If Alice and Bob both save their work, the server can only accept one of these saves. If the server accepts Alice’s change, then Bob’s change is rejected for being too old. Bob’s computer must first apply Alice’s change and then Bob’s computer must go back and add in his changes before saving again.
How collaboration broke down
Imagine what would happen if Alice and Bob continued typing, each generating a steady stream of changes. Sometimes Alice’s changes would get in first, other times Bob’s. It’d probably work well enough and they’d be able to effectively collaborate together in real time.
But what if Alice had a substantially faster internet connection? In the time it takes Bob’s computer to receive the rejection, transform his change, and try again, Alice will have saved again and Bob’s edits will continuously get rejected. This causes a negative feedback loop where Bob’s computer needs to transform more and more local changes per failed save, slowing down his save rate and decreasing the probability his saves are accepted by the server.
Now imagine if you add more than two collaborators.
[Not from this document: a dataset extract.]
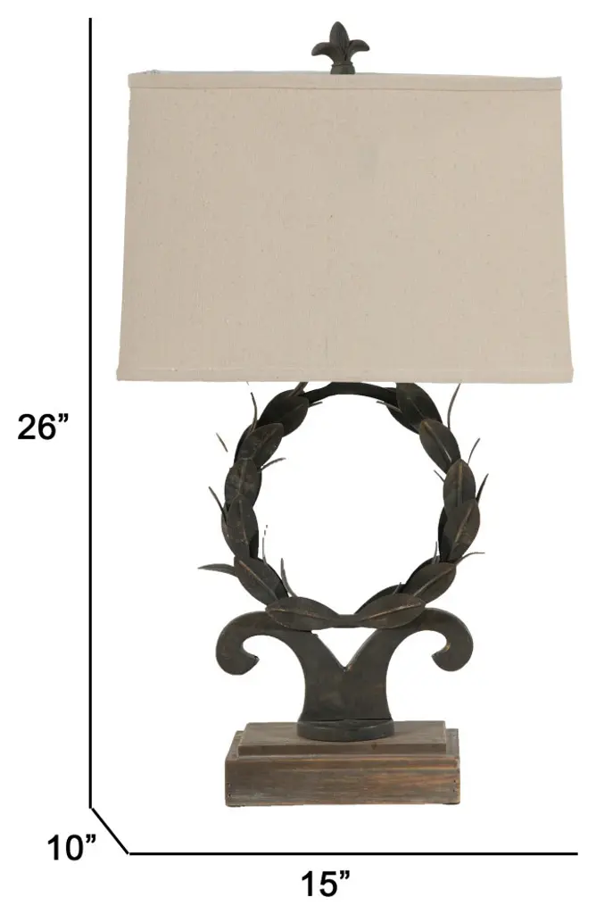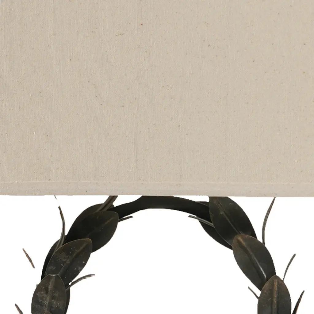 Benzara Bm285090 26" Table Lamp, Laurel Wreath Iron Frame, Off White, Black
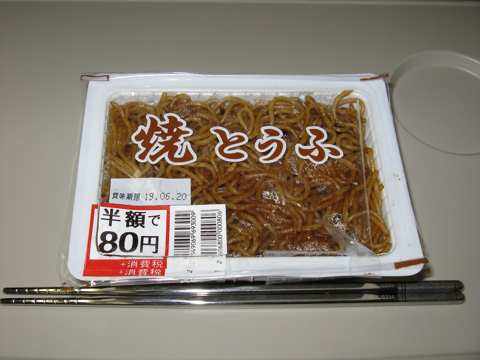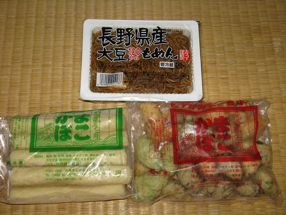 | 朝メシ。 買ってきたかまぼこと、 俺名物の「豆腐容器やきそば」。 ところが、このやきそばが少し傷んでいたので、 ちょっと喰ったところで、やきそばは喰うのをヤメました。 |

In a perfect world, every save would have an equal 1/N chance of being accepted. But the world isn’t perfect, and because of this many collaborators would struggle to save their changes, just like Bob.
Even in a perfect world, this approach doesn’t scale. If 50 people sent a single save request at the same time, only one would be accepted and there would be 49 resaves… then 48… leading to a total of ~1250 requests would be sent before everyone could save once.
Add in if there was an average network latency of 200ms per save attempt, it would take ~10 seconds until the last save was accepted.
It’s clear that the naive approach described above will not facilitate large scale collaboration successfully. But before we can try to solve the problem, it’s important to determine what success means.
For Lucid, that very loosely meant, everyone should be able to save quickly. We ended up defining success as, “Every collaborator can see all other collaborator’s changes within X seconds.”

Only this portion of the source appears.